B. Objectives and Methods:
We use the Spalding method ("Spell to Write and Read") to refine the student's spelling abilities, and we continue to use dictation to develop listening and analytical thinking skills. We integrate history/geography/Bible/science and literature, so that students learn these subjects in their interrelated contexts and not in isolation. We introduce debate, to develop analytical and speaking skills.
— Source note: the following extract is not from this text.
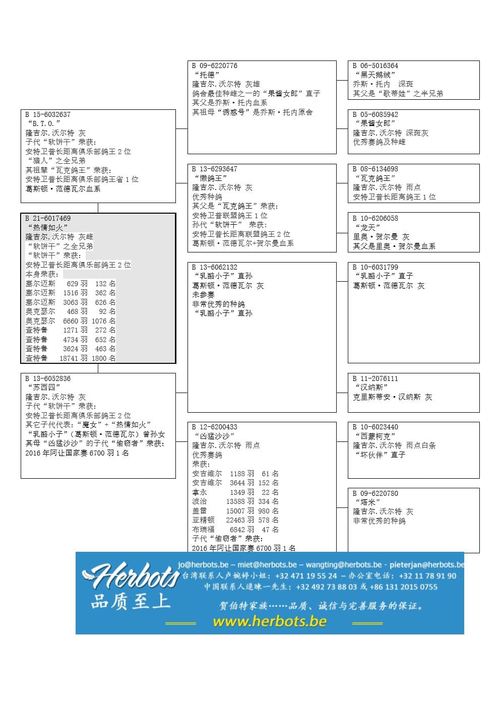 “猎人”之全兄弟. 其祖辈“瓦克鸽王”荣获安特卫普长距离俱乐部鸽王省1位

We also continue using the Progymnasmata composition program, to develop writing skills (Encomiums, Comparisons, Fables, etc.)
C. Course Goals:
- a student will be able to read and understand literature's plot, main characters and setting, and identify and critique the author's worldview;
- a student will be able to write, neatly, in cursive, and spell the 1,000 most common words;
- a student will be able to write an Encomium and Comparison (five paragraphs in length), showing mastery of grammar and syntax skills;
- English grammar: a student will be able to identify all parts of speech, diagram sentences, and master beginning Latin grammar and vocabulary;
- a student will understand fractions and decimals;
- a student will know the timeline and facts of European Expansion into the West and Colonial American history, as well as major geographical features of North and South America;
- a student will be introduced to rhetoric/public speaking through participating in class debates
D. Sample books used in Fifth Grade:
Tales
from Shakespeare by
the Lambs, Kitty, My Rib by E. Jane Mall, The Hawk That Dare Not Hunt
by Day by Scott O'Dell, Madeleine Takes Command by Esther Brill, The
Sign of the Beaver by Elizabeth George Speare, Amos Fortune by
Elizabeth Yates, Early Thunder by Jean Fritz, Drums at Saratoga by
Lisa Banim, Johnny Tremain by Esther Forbes, Carry On Mr. Bowditch by
Jean Lee Latham, and Justin Morgan Had A Horse by Marguerite Henry.